1.Introduction
Engineering is concerned with understanding and controlling the materials and forces of nature for the benefit of humankind. Control system engineers are concerned with understanding and controlling segments of their environment, to provide useful products for society. Control engineering is based on the foundations of feedback theory and linear system analysis. It is not limited to any engineering discipline but is equally applicable to aeronautical, chemical, mechanical, environmental, civil, and electrical engineering.
A control system is an interconnection of components forming a system configuration that will provide a desired system response. The study of control systems involves not so much the development of new engineering components or machines, but taking combinations of existing hardware to achieve a predetermined goal. Control systems operate in almost every aspect of human activity, including walking, talking, and handling objects. In addition, control system exist that require no human interaction, such as aircraft automatic pilots and automobile cruise control systems.
In dealing with control systems, particular engineering control systems, we will deal with a variety of components, indicating that the subject is an interdisciplinary one. The control engineer needs a working knowledge of mechanics, electronics, electrical machines, fluid mechanics, thermodynamics, structures, material properties, and so on. Obviously not every control system contains elements from more than one discipline.

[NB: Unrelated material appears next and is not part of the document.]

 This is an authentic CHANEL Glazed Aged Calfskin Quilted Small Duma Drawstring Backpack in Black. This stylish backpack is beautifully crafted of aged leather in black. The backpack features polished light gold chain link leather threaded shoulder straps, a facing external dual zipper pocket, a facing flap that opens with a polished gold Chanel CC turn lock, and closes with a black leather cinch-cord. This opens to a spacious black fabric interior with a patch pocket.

The basis for analysis of a system is the foundation provided by linear system theory, which assumes a cause-effect relationship for the components of a system. Control system analysis involves the uniform treatment of different engineering components. What this means is that we try to represent the system elements in a common format and identify the connections between the elements in a similar way. When we do this, most control systems look the same in schematic form and lend themselves to common methods of analysis.
2.History of Automatic Control
The use of feedback to control a system has had a fascinating history. The first applications of feedback control appeared in the development of float regulator mechanisms in Greece in the period 300 to 1 B.C. The first feedback system invented in modern Europe is the temperature regulator of Cornelis Drebbel (1572-1633) of Holland. The first automatic feedback controller used in an industrial process is generally agreed to be James Watt’s flyball governor, developed in 1769 for controlling the speed of a steam engine. The all-mechanical device, shown in Figure 5.1, measures the speed of the output shaft and utilizes the movement of the flyball with speed to control the value and therefore the amount of steam entering the engine. As the speed increases, the ball weights rise and move away from the shaft axis, thus closing the value. The flyweights require power from the engine to turn and therefore cause the speed measurement to be less accurate.
A large impetus to the history and practice of automatic control occurred during World War II when it became necessary to design and construct automatic airplane pilots, gun-positioning systems, radar antenna control systems, and other military systems based on the feedback control approach. The complexity and expected performance of these military systems necessitated an extension of the available control techniques and fostered interest in control systems and development of new insights and methods.
Frequency-domain techniques continued to dominate the field of control following World War II with the increased use of the Laplace transform and the complex frequency plane. During the 1950s, the emphasis in control engineering theory was on the development and use of the s-plane methods and, particularly, the root locus approach. Furthermore, during the 1980s, the utilization of digital computers for control components became routine. The technology of these new control elements to perform accurate and rapid calculations was formerly unavailable to control engineers.
With the advent of Sputnik and the space age, another new impetus was imparted to control engineering. It became necessary to design complex, highly accurate control systems for missiles and space probes. Furthermore, the necessity to minimize the weight of satellites and to control them very accurately has spawned the important field of optimal control. Due to these requirements, the time-domain methods developed by Liapunov, Minorsky, and others have met with great interest in the last two decades.
3.Control System Design
The design of control systems is a specific example of engineering design. Again, the goal of control engineering design is to obtain the configuration, specifications, and identification of the key parameters of a proposed system to meet an actual need.
The first step in the design process consists of establishing the system goals. For example, we may state that our goal is to control the velocity of a motor accurately. The second step is to identity the variables that we desire to control. The third step is to write the specifications in terms of the accuracy we must attain. This required accuracy of control will then lead to the identification of a sensor to measure the controlled variable.
As designers, we proceed to the first attempt to configure a system that will result in the desired control performance. The system configuration will normally consist of a sensor, the process under control, an actuator, and a controller, as shown in Figure 5.2. The next step consists of identifying a candidate for the actuator. This will, of course, depend on the process, but the actuation chosen must be capable of effectively adjusting the performance of the process. The next step is the selection of a controller, which often consists of a summing amplifier that will compare the desired response with the actual response and then forward this error-measurement signal to an amplifier. The final step in the design process is the adjustment of the parameters of the system in order to achieve the desired performance. If we can achieve the desired performance by adjusting the parameters, we will finalize the design and proceed to document the results. If not, we will need to establish an improved system configuration and perhaps select an enhanced actuator and sensor. Then we will repeat the design steps until we are able to meet the specifications, or until we decide the specifications are too demanding and should be relaxed.
In summary, the controller design problem is as follows: Given a model of the system to be controlled (including its sensors and actuators) and a set of design goals, find a suitable controller, or determine that none exists.